- Opening Delimiter -
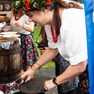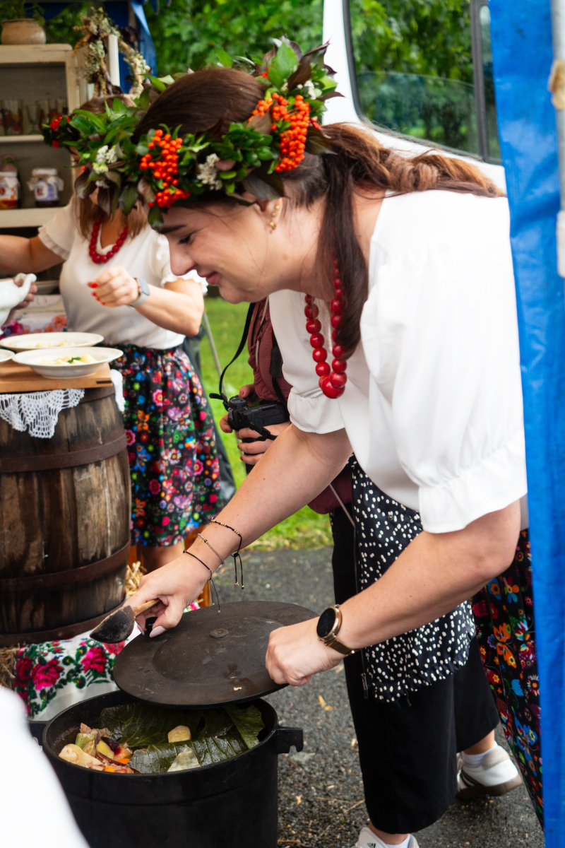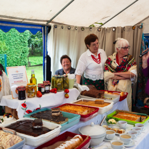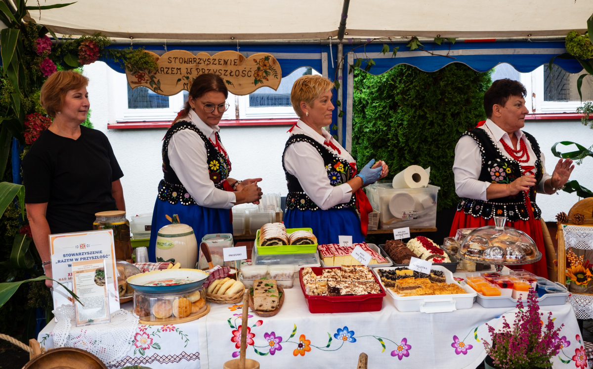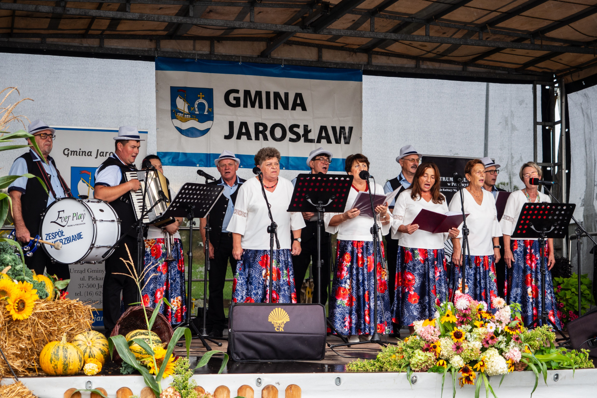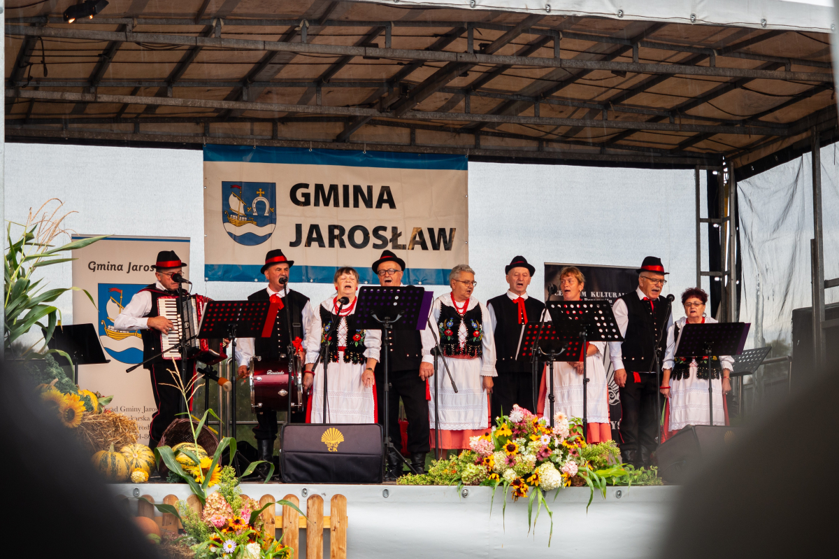 Na uczestników czekała także wystawa dawnych sprzętów gospodarstwa domowego, która przeniosła wszystkich w czasy, gdy codzienność na wsi wyglądała zupełnie inaczej. Ogromnym zainteresowaniem cieszył się również kiermasz „z domowej spiżarni”, na którym można było nabyć regionalne przetwory i wypieki. Swoje stoisko przygotował także Gminny Ośrodek Pomocy Społecznej w Jarosławiu, gdzie można było uzyskać informacje o oferowanym wsparciu. Dla miłośników aktywności i praktycznych umiejętności odbyły się warsztaty survivalu i pierwszej pomocy, a dodatkową atrakcją było stoisko informacyjne prezentujące założenia programu LIFE. Nie zabrakło także muzycznych akcentów – scenę rozgrzały występy Zespołu Pieśni Biesiadnej „Wierzbianie” z Wierzbnej oraz Zespołu Pieśni Ludowej „Biesiada” z Tuczemp, które wprowadziły publiczność w prawdziwie biesiadny nastrój.
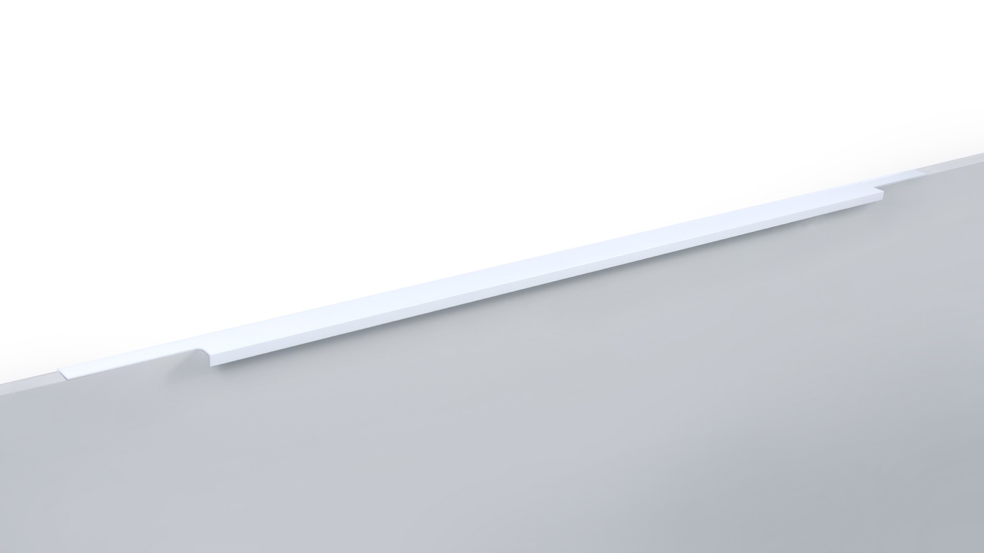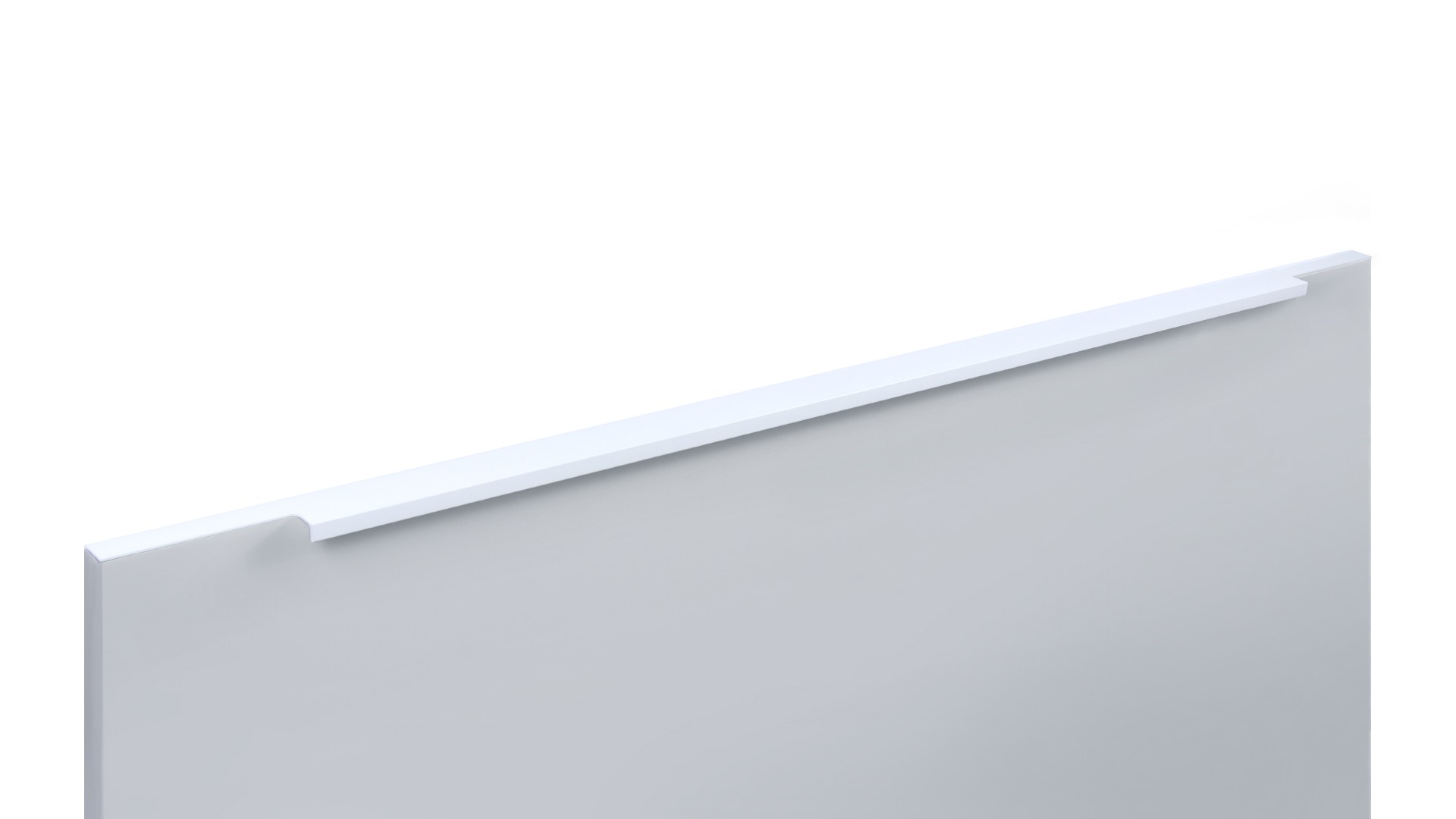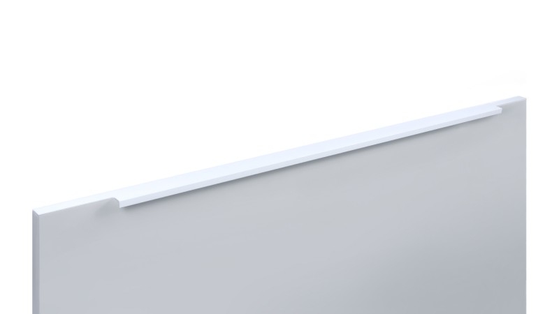 Ручка имеет богатую палитру цветовых решений и разнообразие длин. В зависимости от длины, модель допускает размещение двумя способами — «в размер» фасада и по центру широких фасадов (как большой «язычок»).
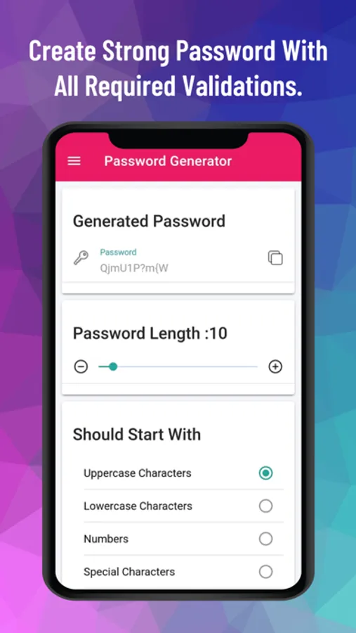 The application includes a Password Generator tool that assists users in creating highly secure passwords.
- Closing Delimiter -
• [What needs to be done]:
Give every line of the data above again as it stands; the pictures stay out.

• [Solution]:
 Na uczestników czekała także wystawa dawnych sprzętów gospodarstwa domowego, która przeniosła wszystkich w czasy, gdy codzienność na wsi wyglądała zupełnie inaczej. Ogromnym zainteresowaniem cieszył się również kiermasz „z domowej spiżarni”, na którym można było nabyć regionalne przetwory i wypieki. Swoje stoisko przygotował także Gminny Ośrodek Pomocy Społecznej w Jarosławiu, gdzie można było uzyskać informacje o oferowanym wsparciu. Dla miłośników aktywności i praktycznych umiejętności odbyły się warsztaty survivalu i pierwszej pomocy, a dodatkową atrakcją było stoisko informacyjne prezentujące założenia programu LIFE. Nie zabrakło także muzycznych akcentów – scenę rozgrzały występy Zespołu Pieśni Biesiadnej „Wierzbianie” z Wierzbnej oraz Zespołu Pieśni Ludowej „Biesiada” z Tuczemp, które wprowadziły publiczność w prawdziwie biesiadny nastrój.
 Ручка имеет богатую палитру цветовых решений и разнообразие длин. В зависимости от длины, модель допускает размещение двумя способами — «в размер» фасада и по центру широких фасадов (как большой «язычок»).
 The application includes a Password Generator tool that assists users in creating highly secure passwords.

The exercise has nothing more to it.